BEGIN Given information

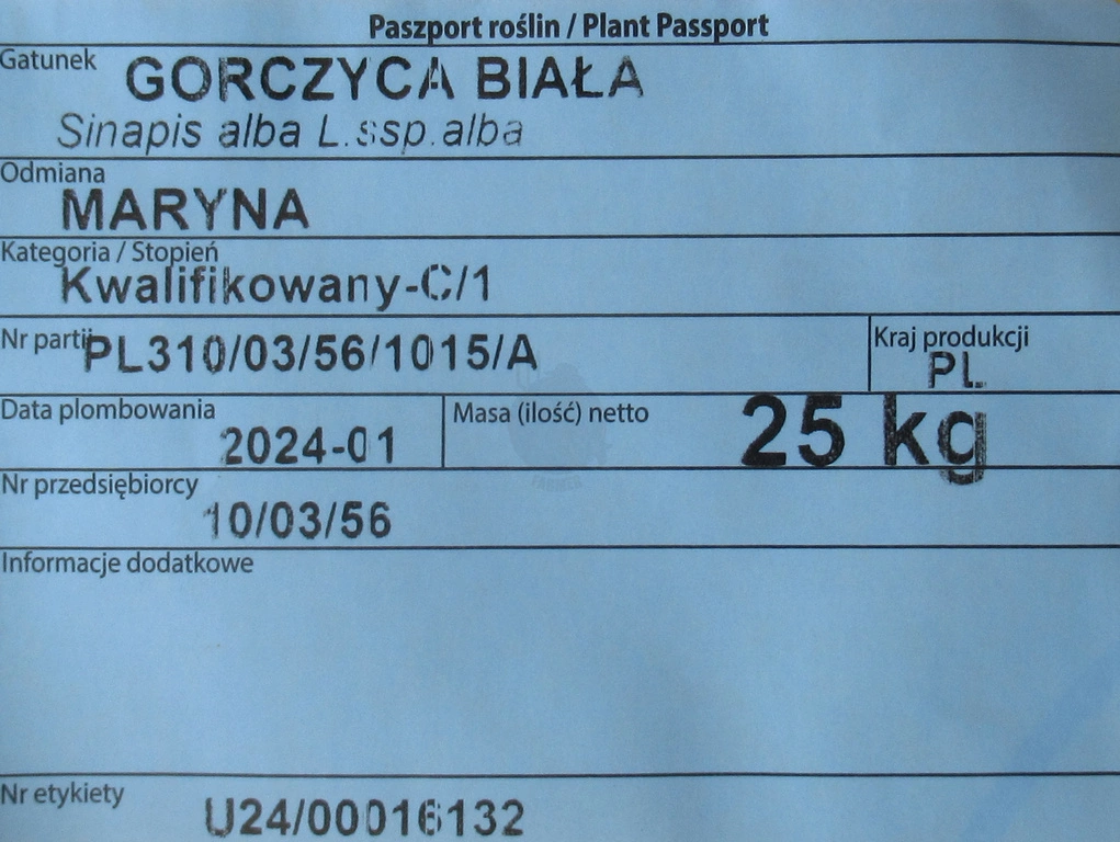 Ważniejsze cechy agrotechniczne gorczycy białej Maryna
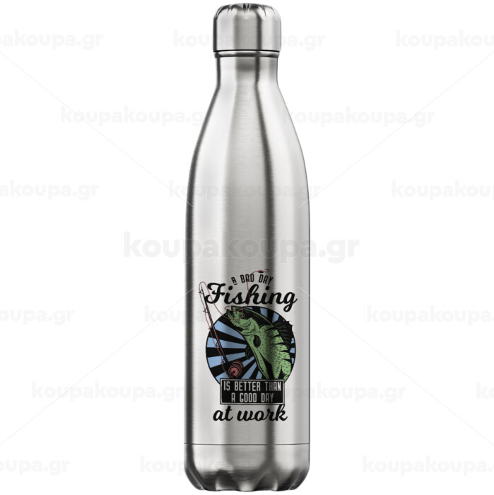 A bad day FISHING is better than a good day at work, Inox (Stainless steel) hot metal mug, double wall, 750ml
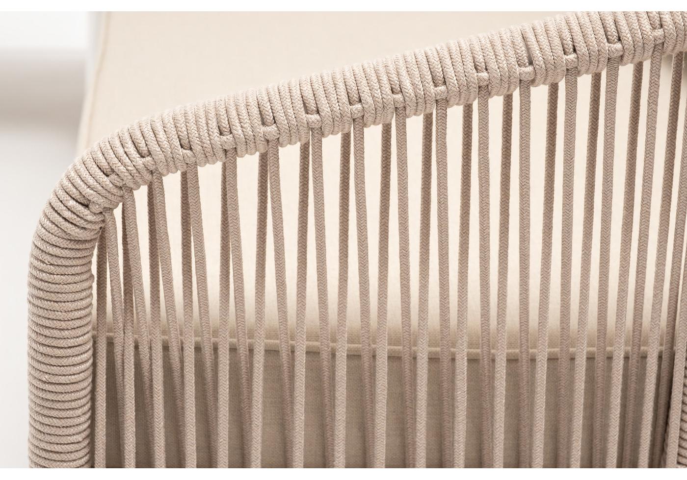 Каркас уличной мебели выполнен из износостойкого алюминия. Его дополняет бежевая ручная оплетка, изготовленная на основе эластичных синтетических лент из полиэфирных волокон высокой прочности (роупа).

END Given information

» **Assignment**: Return the lines from the one that contains "A bad day FISHING" through the final line of the listing above, inclusive. Transcribe them exactly and drop the pictures.

» **Exercise output**:
 A bad day FISHING is better than a good day at work, Inox (Stainless steel) hot metal mug, double wall, 750ml
 Каркас уличной мебели выполнен из износостойкого алюминия. Его дополняет бежевая ручная оплетка, изготовленная на основе эластичных синтетических лент из полиэфирных волокон высокой прочности (роупа).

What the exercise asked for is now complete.